We intend to pay around one third of the annual dividend at the interim stage and two thirds as a final dividend. We are recommending a maiden interim dividend of 0.07p per ordinary share.
The interim dividend will be payable on 15 January 2010 to shareholders on the register at 4 December 2009.
Trading
Strong product performances by Deltacortril® and Nu-Seals® were the main factors behind the 34% sales growth. Excluding these, the growth achieved by the rest of the portfolio was 7%. This was an encouraging performance, given that we selected the products in our portfolio for their ability to deliver steady, consistent sales with minimal marketing support. Typically, these products maintain modest sales growth because of a gradual increase in the number of patients requiring treatment.

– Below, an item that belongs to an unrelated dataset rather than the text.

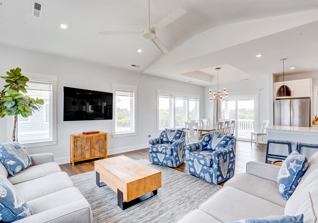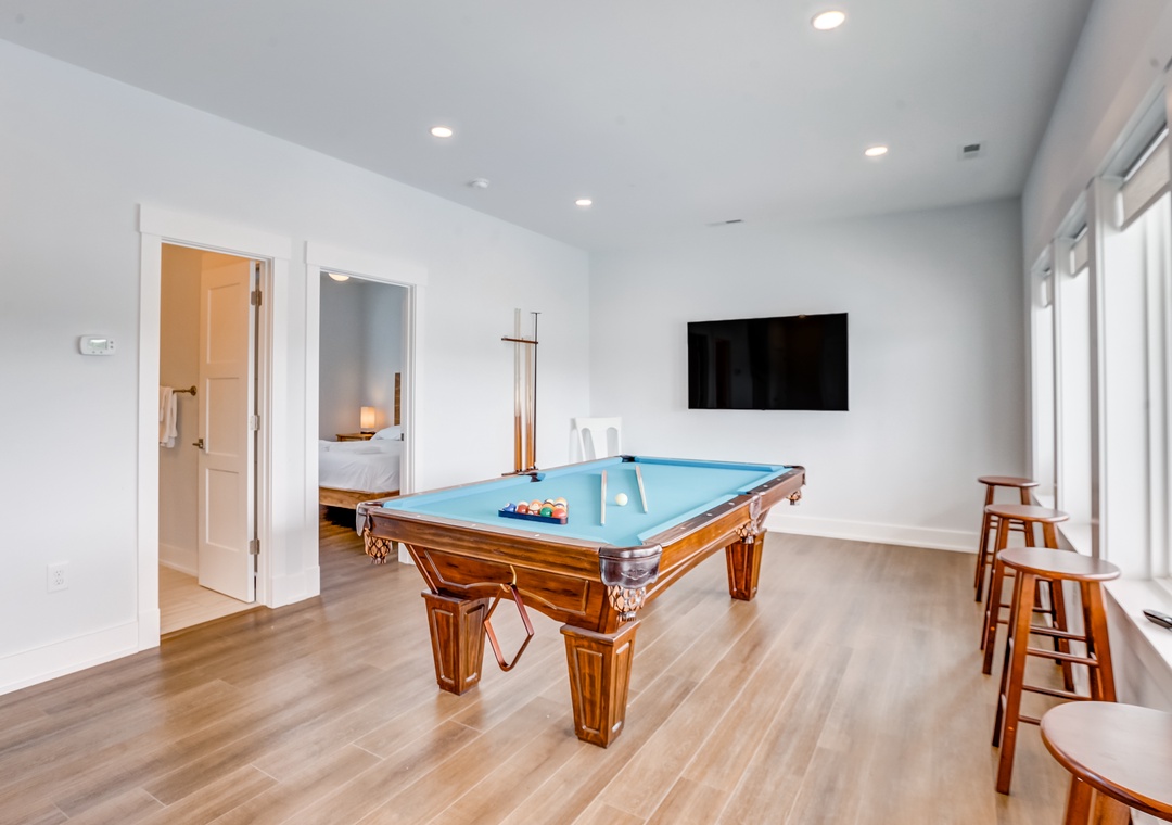 This home exudes strong feelings of comfort and warmth. Step inside and enjoy the sunshine-soaked living area where plush seating awaits. Adjacent to the living area is the kitchen. Modern, clean, and bright, it beckons to harbor great conversation and shared moments of love over delicious homemade meals. Stainless steel appliances, a dishwasher, and little bursts of color make the kitchen what it is. Off the main room head out onto the balcony to soak in the sun and relish a morning cup of coffee. A large walk-in shower and double sinks lead to effortless mornings and evenings in the en suite bathroom. Balcony access is also available throughout the home, and from most of the six bedrooms, allowing all the guests to enjoy the North Carolina sunshine. Find yourself playing a game of pool and catching up on your favorite TV show in the additional hangout space this home boasts.

The success of the Deltacortril® product results from improvements in production capacity. After we acquired the brand from Pfizer in 2006 (along with Atarax and Terracortril for a total of £1m), the contract manufacturer to whom we moved production was not initially able to manufacture the full volumes we required. Since then the manufacturer has been steadily increasing production capacity. Deltacortril® is one of the few products in our portfolio that face generic competition, so shortfalls in supply meant that it lost both sales and market share. As supply volumes have recovered, we have been regaining market share, but we expect the brand's recent rapid growth to begin levelling-off in the second half of the year. As reported in our AGM statement on 21 May 2009, we remain cautious that the prednisolone market may become more competitive over time.
The growth of Nu-Seals® sales in the first half results from continuing success in Ireland, its principal market, augmented by some favourable foreign exchange movements.
After very strong growth last year, sales of Hydromol® rose more modestly in the first half of 2009. Hydromol® competes in the emollient market for dry skin conditions such as eczema, in which it has about a 2% market share. This is a competitive and growing market in which sales are significantly affected by marketing investment, albeit with a distinct time lag. We have stepped up investment this year and expect to reap the benefit in the year ahead.
We continue to make progress in China, where sales of Forceval® advanced by a further 8%.
Sales in the first half of 2009 have also benefited from a £0.2m contribution from Pavacol-D®, the sugar-free cough suppressant which we acquired in August 2008. The brand is now being promoted by the sales organisation Pharmexx, which is also working on the over-the-counter marketing of Forceval® and Hydromol®.
Strategy
Our strategy of focusing on steady, cash-generative brands − supported by marketing investment and promotion only where this will clearly deliver strong returns − has delivered steadily improving sales and profits through the worst economic downturn in recent times.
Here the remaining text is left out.